🚀 EMOVA-Qwen-2.5-7B-HF
EMOVA(情感全模态语音助手)是一种新颖的端到端全模态大语言模型,无需依赖外部模型,就能实现看、听、说的功能。它能根据文本、视觉和语音等全模态输入,结合语音解码器和风格编码器,生成带有生动情感控制的文本和语音响应。该模型具备通用的全模态理解和生成能力,在高级视觉语言理解、情感语音对话以及带有结构数据理解的语音对话方面表现出色。
🚀 快速开始
本仓库包含以HuggingFace格式组织的 EMOVA-Qwen2.5-7B 检查点,因此可以直接使用 transformers Auto API 进行加载。
from transformers import AutoModel, AutoProcessor
from PIL import Image
import torch
model = AutoModel.from_pretrained(
"Emova-ollm/emova-qwen-2-5-7b-hf",
torch_dtype=torch.bfloat16,
attn_implementation='flash_attention_2',
low_cpu_mem_usage=True,
trust_remote_code=True).eval().cuda()
processor = AutoProcessor.from_pretrained("Emova-ollm/emova-qwen-2-5-7b-hf", trust_remote_code=True)
speeck_tokenizer = AutoModel.from_pretrained("Emova-ollm/emova_speech_tokenizer_hf", torch_dtype=torch.float32, trust_remote_code=True).eval().cuda()
processor.set_speech_tokenizer(speeck_tokenizer)
inputs = dict(
text=[
{"role": "system", "content": [{"type": "text", "text": "You are a helpful assistant."}]},
{"role": "user", "content": [{"type": "image"}, {"type": "text", "text": "What's shown in this image?"}]},
{"role": "assistant", "content": [{"type": "text", "text": "This image shows a red stop sign."}]},
{"role": "user", "content": [{"type": "text", "text": "Describe the image in more details."}]},
],
images=Image.open('path/to/image')
)
inputs = dict(
text=[{"role": "system", "content": [{"type": "text", "text": "You are a helpful assistant."}]}],
audios='path/to/audio'
)
inputs = dict(
text=[{"role": "system", "content": [{"type": "text", "text": "You are a helpful assistant."}]}],
images=Image.open('path/to/image'),
audios='path/to/audio'
)
has_speech = 'audios' in inputs.keys()
inputs = processor(**inputs, return_tensors="pt")

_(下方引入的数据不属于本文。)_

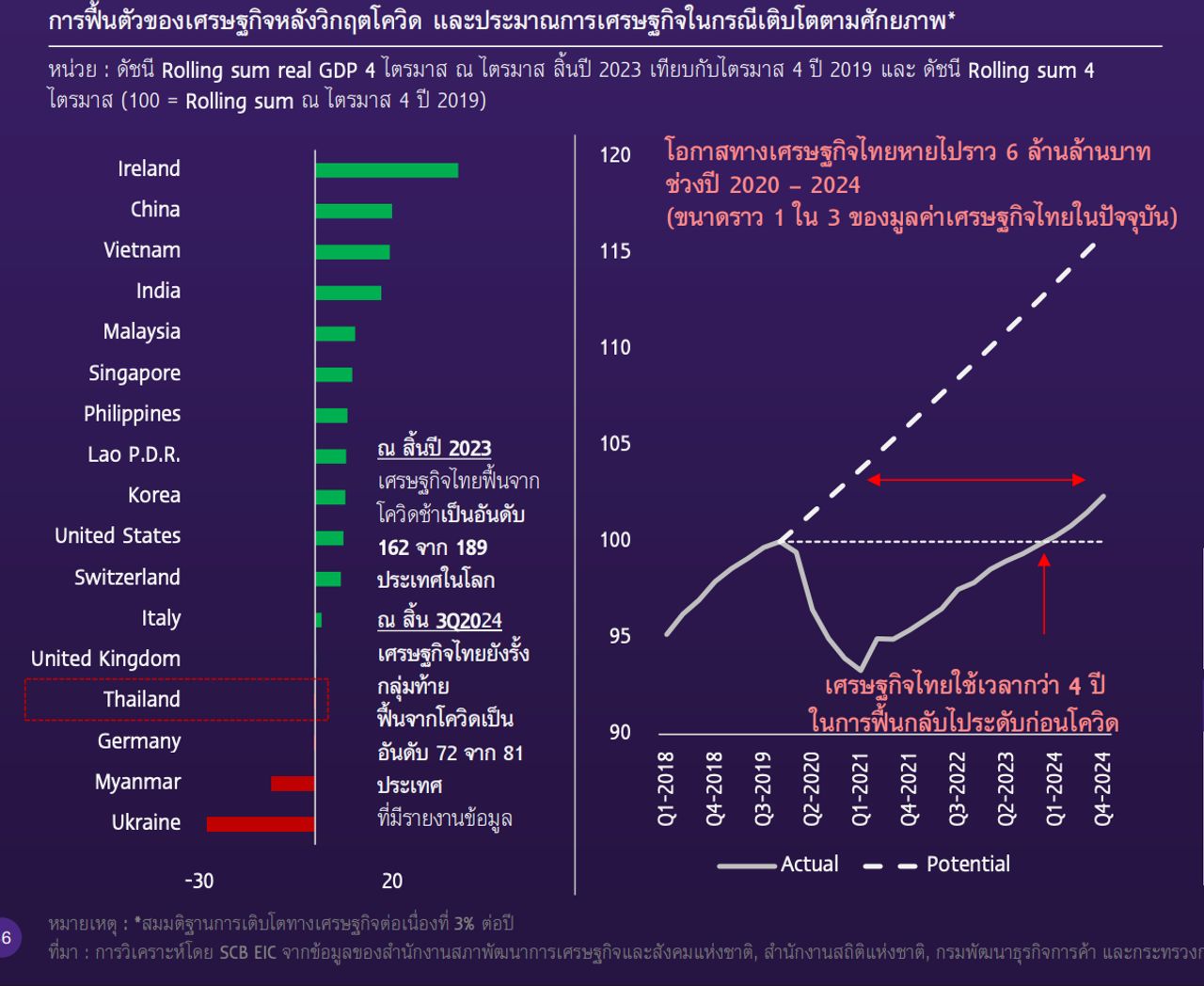 ทั้งนี้ ยังพบว่า “เศรษฐกิจไทย” ฟื้นตัวช้าหลังโควิด-19 รั้งท้ายติดอันดับโลก เป็นอันดับ 72 จาก 81 ประเทศ ที่มีรายงานข้อมูล โดย SCB EIC ยังชี้ว่า ช่วงปี 2020-2024 โอกาสทางเศรษฐกิจไทยได้หายไปราว 6 ล้านล้านบาท ซึ่งเป็นมูลค่ามากขนาด 1 ใน 3 ของมูลค่าเศรษฐกิจไทยในปัจจุบัน และได้ใช้เวลากว่า 4 ปี ในการฟื้นกลับไประดับก่อนโควิด

inputs = inputs.to(model.device)
gen_kwargs = {"max_new_tokens": 4096, "do_sample": False}
speech_kwargs = {"speaker": "female", "output_wav_prefix": "output"} if has_speech else {}
with torch.no_grad():
outputs = model.generate(**inputs, **gen_kwargs)
outputs = outputs[:, inputs['input_ids'].shape[1]:]
print(processor.batch_decode(outputs, skip_special_tokens=True, **speech_kwargs))
✨ 主要特性
- 先进的全模态性能:EMOVA在视觉语言和语音基准测试中同时取得了最先进的可比结果。其性能最佳的模型 EMOVA-72B 甚至超越了包括GPT - 4o和Gemini Pro 1.5在内的商业模型。
- 情感语音对话:采用了语义 - 声学解耦的语音分词器和轻量级的风格控制模块,实现了无缝的全模态对齐和多样化的语音风格可控性。EMOVA支持具有 24种语音风格控制(即2个说话人、3种音高和4种情感)的 双语(中文和英文) 语音对话。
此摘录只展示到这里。